I mean, take a second and look at your bulletin cover. It looks like Jesus is standing behind these two disciples like “I gotcha now!” 

And yet, what we are offered is, in a sense, death. But that’s not the end. We’re constantly pulled into this cycle of death and resurrection: getting tired and feeling discouraged and finished and wanting to quit and maybe even actually quitting, and then finding new hope and new life and new purpose, over and over, in church and in life. It’s the kind of gift that doesn’t always feel like a gift, but an actual calling never really does. I’m betting you’ve felt the same way in your work, in your life as a parent or grandparent, with your spouse or a significant other, and in your significant friendships. Life always comes and goes in waves of death and resurrection, and God is constantly offering us life renewed. 

On “Two Bubbas and a Bible” this week, a favorite preaching podcast that I like to listen to, we got this story this week: Marty Saarinen, later a professor at the Lutheran seminary in South Carolina, began his career on the upper peninsula of Michigan. Saarinen, you might know, is a Finnish name, and so, as a young pastor, he went to serve the Finnish Lutherans in Michigan. Pastor Saarinen was told to go see a shut in couple out in the middle of nowhere and introduce himself. The young pastor drives through logging country, has to stop his car and walk across a log bridge in the middle of the wilderness. He finally comes to a clearing, and there’s a Finnish cabin with smoke coming from the chimney. He walks across the porch and knocks on the door and stands there in his clergy collar and horn rimmed glasses. An old man opens the door and doesn’t say a word to the young pastor. He turns around and says to his wife, sitting by the fire: “Anna! God has not forgotten us!”

So here we are again, at the beginning of a new year, getting ready to have our annual meeting after worship, elect a new council, and for you all to be formally introduced to this thing we’re doing with Forward leadership. And the text for the day is Jesus calling these ill-equipped disciples who are way out on the margins to come and follow.

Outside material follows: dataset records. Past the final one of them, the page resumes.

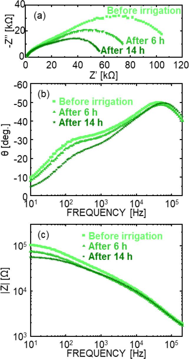 First, the ability of EIS to observe biological changes in the Komatsuna, caused by irrigation was evaluated, since water is a key factor that affects plant growth. Given the time-resolved and measurement-intensive nature of the experiment, the following results focus on representative impedance responses. At the same time, similar temporal trends were reproducibly observed across multiple independently measured plants. Figure 3(a) shows the representative Nyquist plots of the Komatsuna over time after irrigation, in which the horizontal axis represents resistance and the vertical axis represents reactance. Figures 3(b) and (c) show Bode plots of the amplitude |Z| and phase θ of the petioles of Komatsuna, respectively.
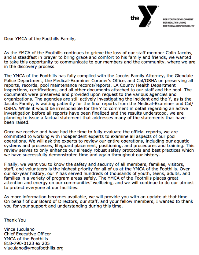 In recent weeks the family of Colin Jacobs, 19, has been calling attention to their complaints regarding obtaining information from the Crescenta CaƱada YMCA [YMCA of the Foothills]. In July Colin, an employee of the Y, drowned in the pool at the La Crescenta Y facility while working as a camp counselor. Family members stated they had questions concerning the day Colin drowned and felt Y representatives were not responsive to their questions.
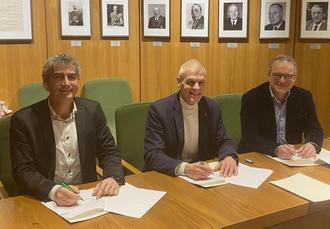 Feierliche Unterzeichnung der Zweckvereinbarung: Die Bürgermeister Dietmar Henrich (Hamm), Fred Jüngerich (Altenkirchen-Flammersfeld) und Berno Neuhoff (Wissen) besiegeln die interkommunale Zusammenarbeit der Zentralen Vergabestelle.
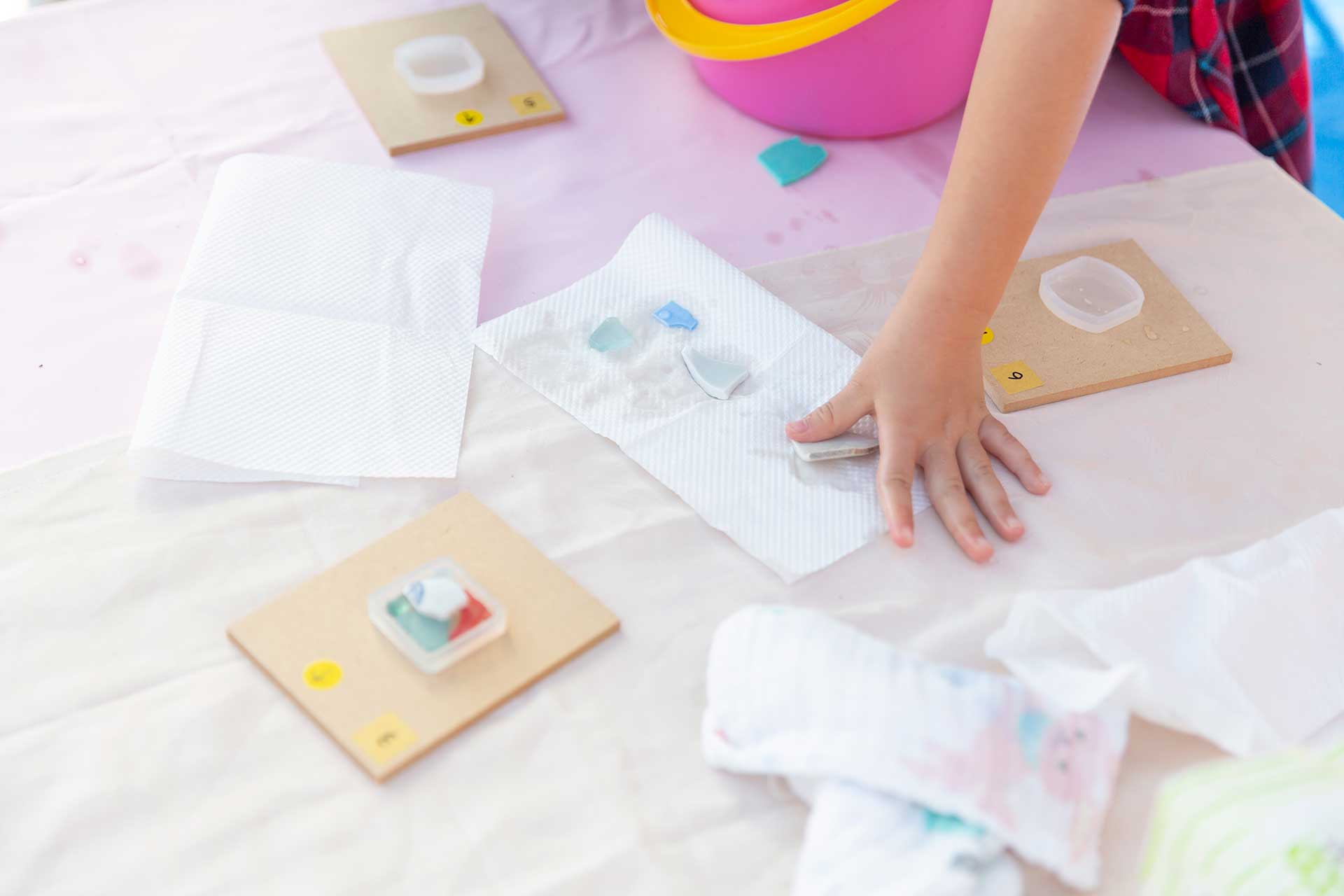 当初は拾った漂流物を、シーグラスや陶器など種類ごとにケースに仕分け、そこからパーツを選び作ってもらうというスタイルをとっていました。しかしこの漂流物を使ったものづくりの醍醐味は実際に自分で拾ってパーツを見つける楽しさにあると考え、このワークショップでは拾う(見つける)楽しみを加えました。

Every voice will matter in 2020. Every person will matter. We will need you. God has not forgotten you, and God has not forgotten us. Even on us, light has shined. 

And though it may sometimes feel like a trap, it isn’t. It is a cycle of death and resurrection, dejection and questions and frustration and new hope that we all get to experience together. 

God has not forgotten us. We get to do this. Even on you, on me, on us, light has shined. 

If you have a lot of questions, that’s okay. If you have a lot of worries, that’s okay. If you feel like we’re beyond the wall and beyond God’s good care, that’s okay too. 

Every day, the call is there: “come, follow me.” And as the days get longer and light literally shines on us all, let us remember that even on us, light has shined. God has not forgotten us. Thanks be to God. Amen.